» INFORMATION SHOWN
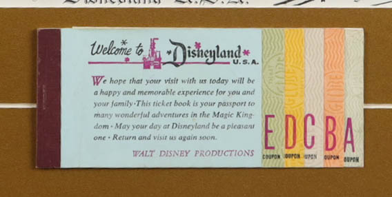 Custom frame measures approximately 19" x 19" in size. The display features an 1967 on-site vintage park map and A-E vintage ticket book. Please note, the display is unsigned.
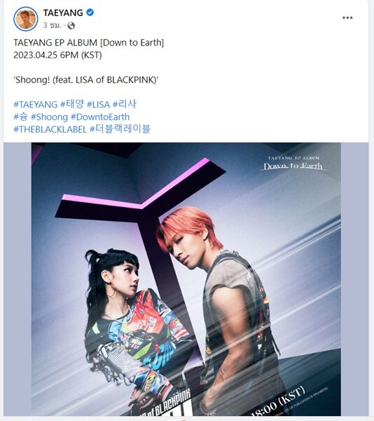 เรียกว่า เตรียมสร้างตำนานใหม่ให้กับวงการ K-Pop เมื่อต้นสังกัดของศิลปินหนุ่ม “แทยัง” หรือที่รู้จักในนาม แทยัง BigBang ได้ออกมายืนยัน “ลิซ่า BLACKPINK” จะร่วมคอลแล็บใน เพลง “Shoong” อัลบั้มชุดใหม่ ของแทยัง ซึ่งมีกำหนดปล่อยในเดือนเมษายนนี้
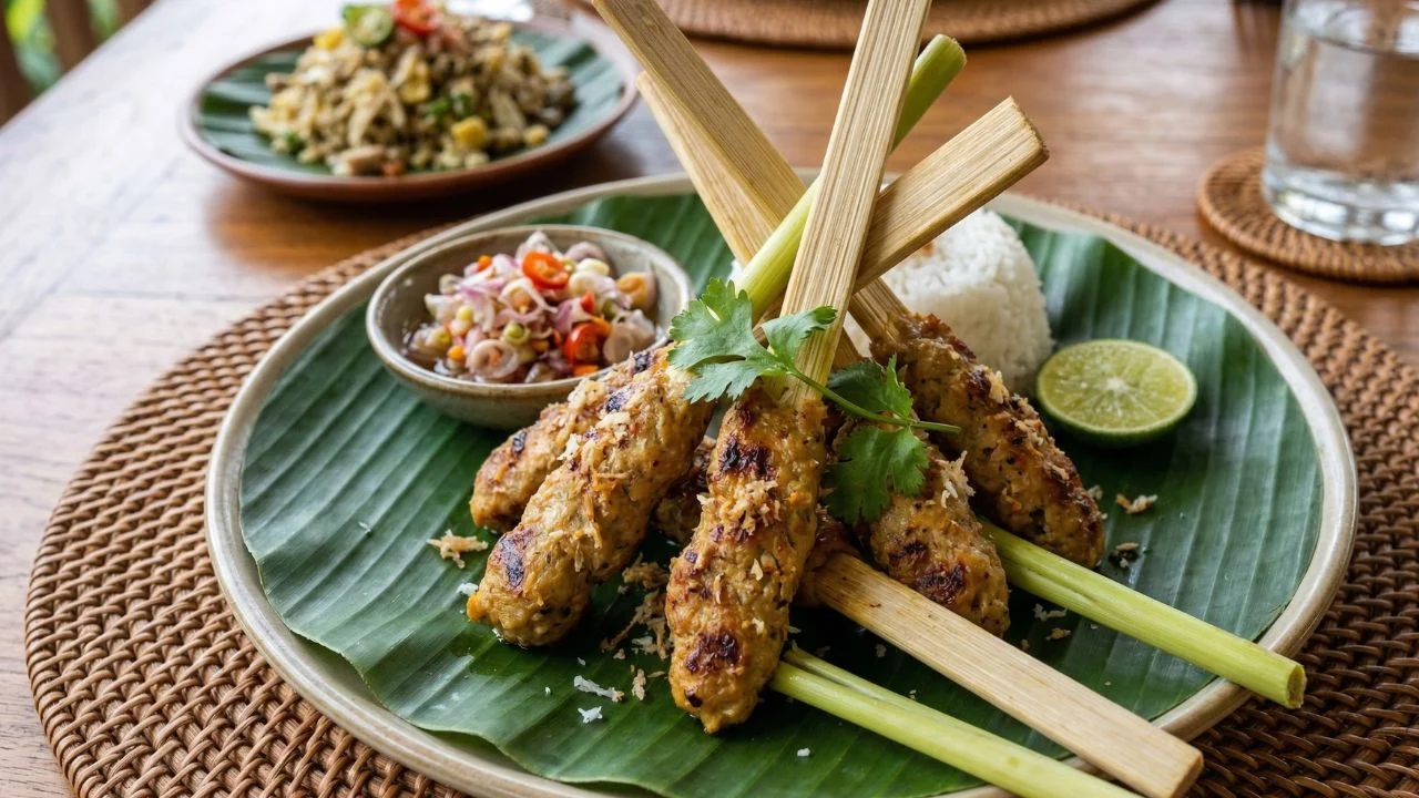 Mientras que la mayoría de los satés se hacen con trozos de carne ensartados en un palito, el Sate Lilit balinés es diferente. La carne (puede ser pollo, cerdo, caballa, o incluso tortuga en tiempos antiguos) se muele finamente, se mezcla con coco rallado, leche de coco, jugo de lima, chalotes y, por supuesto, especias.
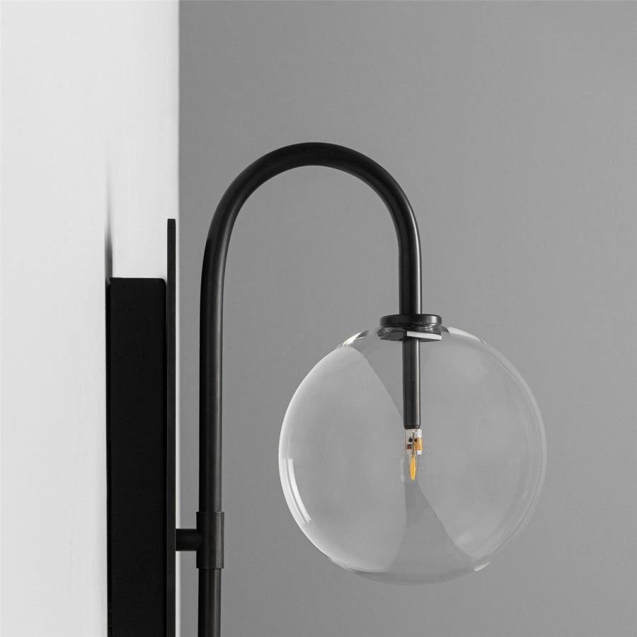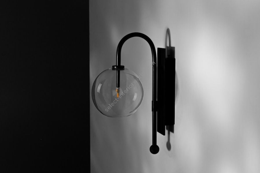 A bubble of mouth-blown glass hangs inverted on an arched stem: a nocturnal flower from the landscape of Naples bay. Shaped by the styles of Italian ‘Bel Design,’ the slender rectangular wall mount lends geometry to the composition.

...

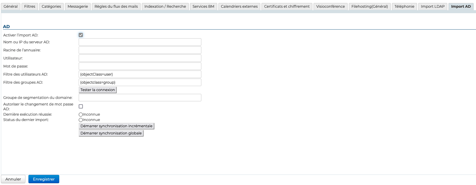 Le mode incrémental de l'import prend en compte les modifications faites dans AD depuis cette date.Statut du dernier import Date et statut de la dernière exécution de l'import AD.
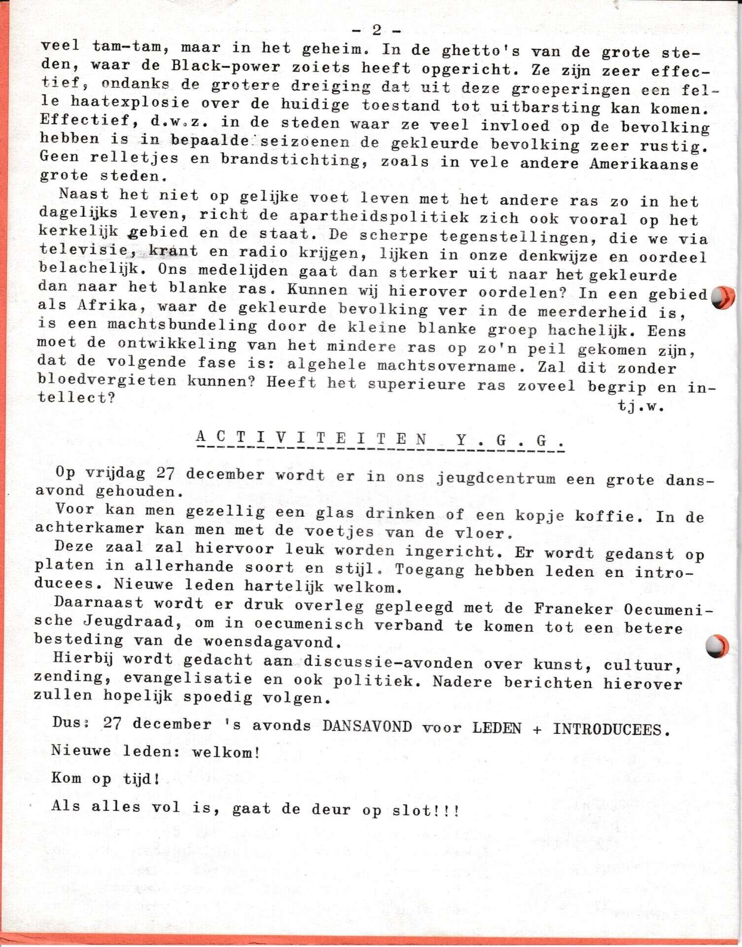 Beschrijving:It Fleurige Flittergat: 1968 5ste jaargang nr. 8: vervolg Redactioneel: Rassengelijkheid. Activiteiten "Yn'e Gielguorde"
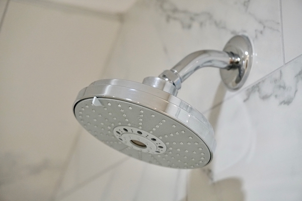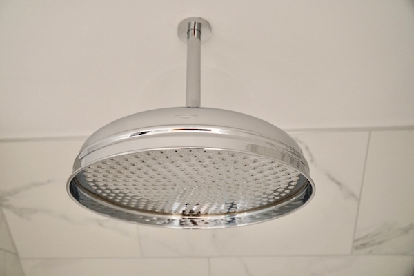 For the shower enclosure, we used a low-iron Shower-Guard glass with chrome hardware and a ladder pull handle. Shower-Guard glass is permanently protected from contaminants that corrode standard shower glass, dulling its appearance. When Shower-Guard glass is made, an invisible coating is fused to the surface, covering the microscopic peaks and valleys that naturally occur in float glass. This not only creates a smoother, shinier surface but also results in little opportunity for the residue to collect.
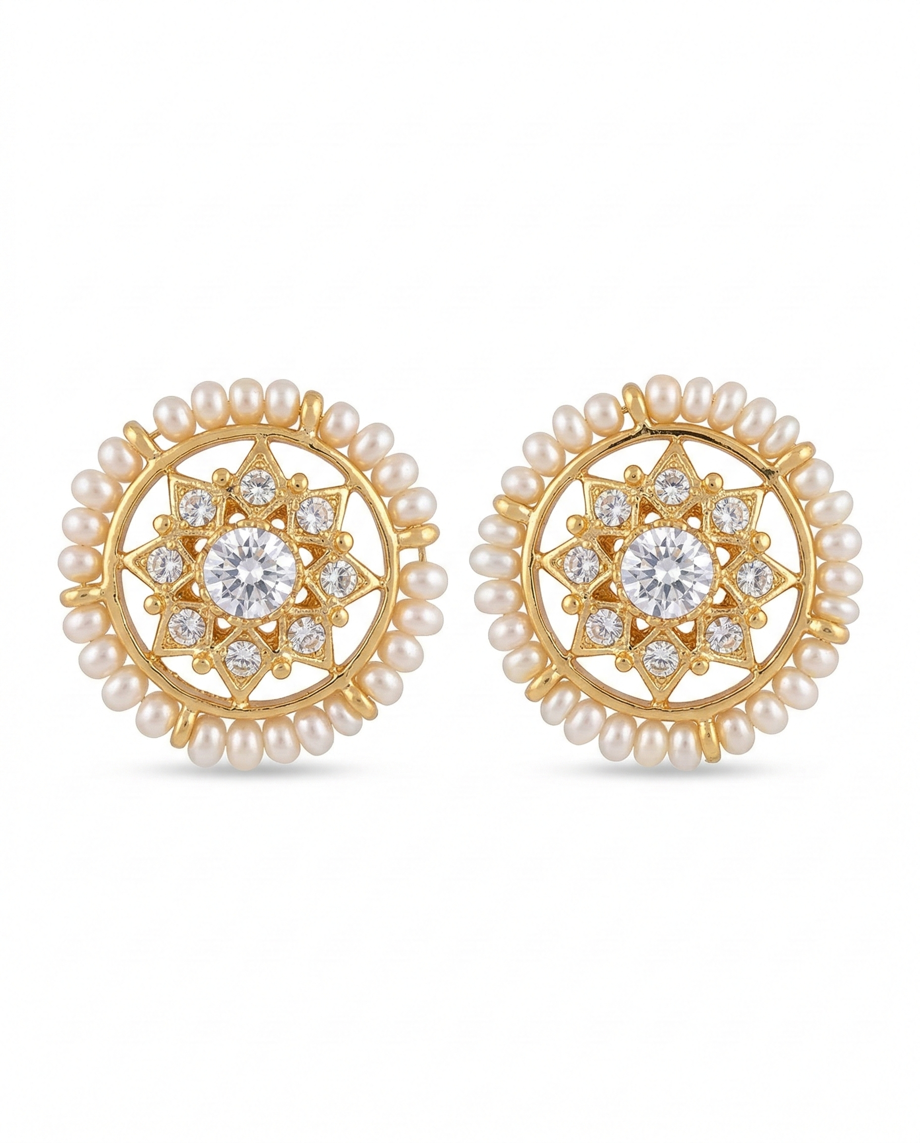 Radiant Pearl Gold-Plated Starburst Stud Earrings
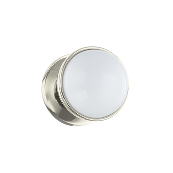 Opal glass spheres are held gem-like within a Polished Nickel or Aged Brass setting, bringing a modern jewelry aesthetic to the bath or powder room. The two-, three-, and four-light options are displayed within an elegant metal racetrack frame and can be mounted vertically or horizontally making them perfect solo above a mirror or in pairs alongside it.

» THE TASK
What's needed is an exact copy of the records above from the line containing "Le mode incrémental" down to the line containing "Beschrijving:It Fleurige Flittergat: 1968", both included, without any pictures.

» RESULT FOR THIS EXERCISE
 Le mode incrémental de l'import prend en compte les modifications faites dans AD depuis cette date.Statut du dernier import Date et statut de la dernière exécution de l'import AD.
 Beschrijving:It Fleurige Flittergat: 1968 5ste jaargang nr. 8: vervolg Redactioneel: Rassengelijkheid. Activiteiten "Yn'e Gielguorde"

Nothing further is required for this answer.